The coronavirus continued to top the healthcare headlines this week, but there was also news of the first clinical guidance for what could be a breakthrough Alzheimer’s drug and two new studies on older adults. The following are some of the healthcare headlines for the week of July 25.
Delta Variant Mutations Allow Virus To Spread Twice As Fast
Kaiser Health News reported that the Delta coronavirus variant has kept some of the most successful mutations found in earlier variants, but also contains new genetic changes that enable it to spread twice as fast. This article examines various mutations of the Delta variant, including a spike mutation called P681R, which closely resembles a mutation in the alpha variant that appears to produce higher viral loads in patients. A further Delta mutation called L452R also affects the receptor-binding domain and acts to prevent antibodies from neutralizing the virus. These mutations appear to be more formidable as a team than alone.
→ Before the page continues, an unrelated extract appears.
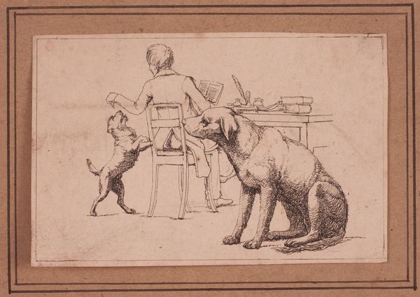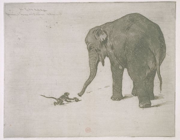Editor: So, this is Rembrandt van Rijn's "An Elephant," created in 1637. It’s a pencil drawing. I’m struck by the textural contrast between the rough hide of the elephant and the almost ethereal quality of the figures beside it. What stands out to you when you look at this drawing? Curator: The brilliance of this work resides in Rembrandt's deft manipulation of line. Notice how varied the lines are; some are bold and assertive, defining the elephant’s bulk, while others are delicate and fleeting, suggesting shadow and form. What effect do you think this variation achieves? Editor: It creates a real sense of volume, and that the elephant is heavy, but also emphasizes its wrinkles and folds? The lighter lines make the people look almost like ghosts. Curator: Precisely. Observe, too, how the composition guides our eye. The elephant is positioned prominently, nearly filling the frame. The figures are smaller and placed further back, which serves to accentuate the elephant's immense scale. How would the piece be altered, do you think, if the people were equally as detailed and in the foreground? Editor: The elephant wouldn’t seem as monumental, I suppose, or perhaps they'd have more interaction, if they weren’t faded away like that. Curator: Indeed. Consider how Rembrandt has utilized line to capture both the physical presence and perhaps even the implied power of the animal. It’s more than just a representation, isn't it? Editor: Yes, it really captures a sense of its mass and even its gentleness, despite its size. I learned a lot about Rembrandt's artistic strategies through the lens of form. Curator: And I have gained a renewed appreciation for the nuances within Rembrandt’s line work.

Loneliness In Older Adults Linked To Higher Rates Of Certain Drug Prescriptions, Study Finds
McKnight’s Long-Term Care News reported that a new study of 6,000 older adults found that a higher degree of loneliness was associated with a greater proportion of prescriptions for opioids, anti-anxiety medications and sedatives. Those adults also used antidepressants, sleep medications and benzodiazepines at double the rate of their non-lonely peers. Researchers warned that medications may not treat the underlying social experience of loneliness and recommend that clinicians prescribe fewer psychotropic drugs for older adults who are lonely. Instead, they suggested social prescribing, or linking patients to amenities like senior centers, exercise classes, grief groups or volunteer programs.
Many Americans Think Their Communities Are Providing Good Community Support For Older Adults, AP-NORC Poll Finds
The AP reported that many Americans believe their communities are doing a good job meeting the needs of older adults, but white people may be better equipped than people of color to age within their communities, according to a new survey from The Associated Press-NORC Center for Public Affairs Research. According to the poll, 46% of Americans say their area is doing a good job providing access to healthcare for older adults, compared with 15% saying it does a poor job.
First Clinical Guidance For Alzheimer’s Drug Aducanumab Published
McKnight’s Long-Term Care News reported that the first clinical guidelines for appropriately using the newly approved Alzheimer’s drug aducanumab have been published in the Journal of Prevention of Alzheimer’s Disease. The Food and Drug Administration previously restricted the therapy’s use to patients with early disease, mild cognitive impairment or mild dementia due to Alzheimer’s, and the new guidelines fill the gaps between the FDA’s prescribing information and real-world implementation of this treatment.